[WHAT THE TASK ASKS]: Transcribe the stretch of entries below from the line with "等到汤要烧干了,揭开盖子,先" through the line with "Sleek two-tone color", exactly and with both ends included; leave out all other lines.

[EXTRACTED ENTRIES]:
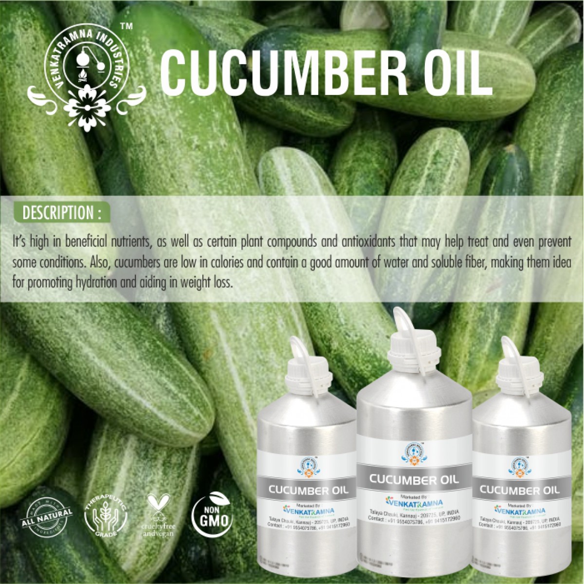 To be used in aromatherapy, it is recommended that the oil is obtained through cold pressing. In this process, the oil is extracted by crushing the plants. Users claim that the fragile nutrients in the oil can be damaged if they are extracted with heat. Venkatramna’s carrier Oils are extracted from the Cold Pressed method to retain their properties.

---

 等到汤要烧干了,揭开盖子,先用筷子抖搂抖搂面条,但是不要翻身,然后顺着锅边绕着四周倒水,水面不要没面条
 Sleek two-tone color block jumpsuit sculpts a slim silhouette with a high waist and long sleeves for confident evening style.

--

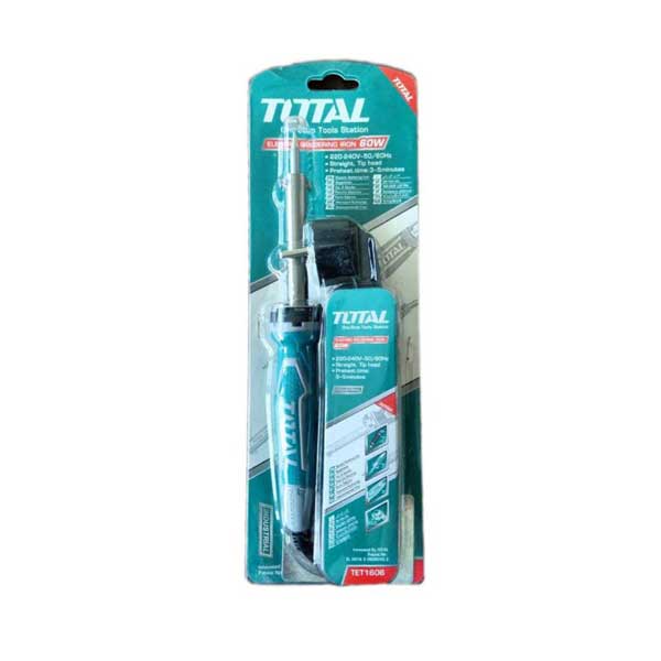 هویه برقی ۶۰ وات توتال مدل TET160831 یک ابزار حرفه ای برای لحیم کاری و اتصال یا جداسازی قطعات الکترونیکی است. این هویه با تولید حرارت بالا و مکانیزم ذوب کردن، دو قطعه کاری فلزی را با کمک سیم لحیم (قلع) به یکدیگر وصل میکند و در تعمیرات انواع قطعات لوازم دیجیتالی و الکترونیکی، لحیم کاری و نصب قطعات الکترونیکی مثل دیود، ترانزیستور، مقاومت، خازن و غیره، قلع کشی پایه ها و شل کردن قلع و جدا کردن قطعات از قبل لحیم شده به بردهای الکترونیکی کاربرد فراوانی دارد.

[WRITTEN ANSWER]:
 等到汤要烧干了,揭开盖子,先用筷子抖搂抖搂面条,但是不要翻身,然后顺着锅边绕着四周倒水,水面不要没面条
 Sleek two-tone color block jumpsuit sculpts a slim silhouette with a high waist and long sleeves for confident evening style.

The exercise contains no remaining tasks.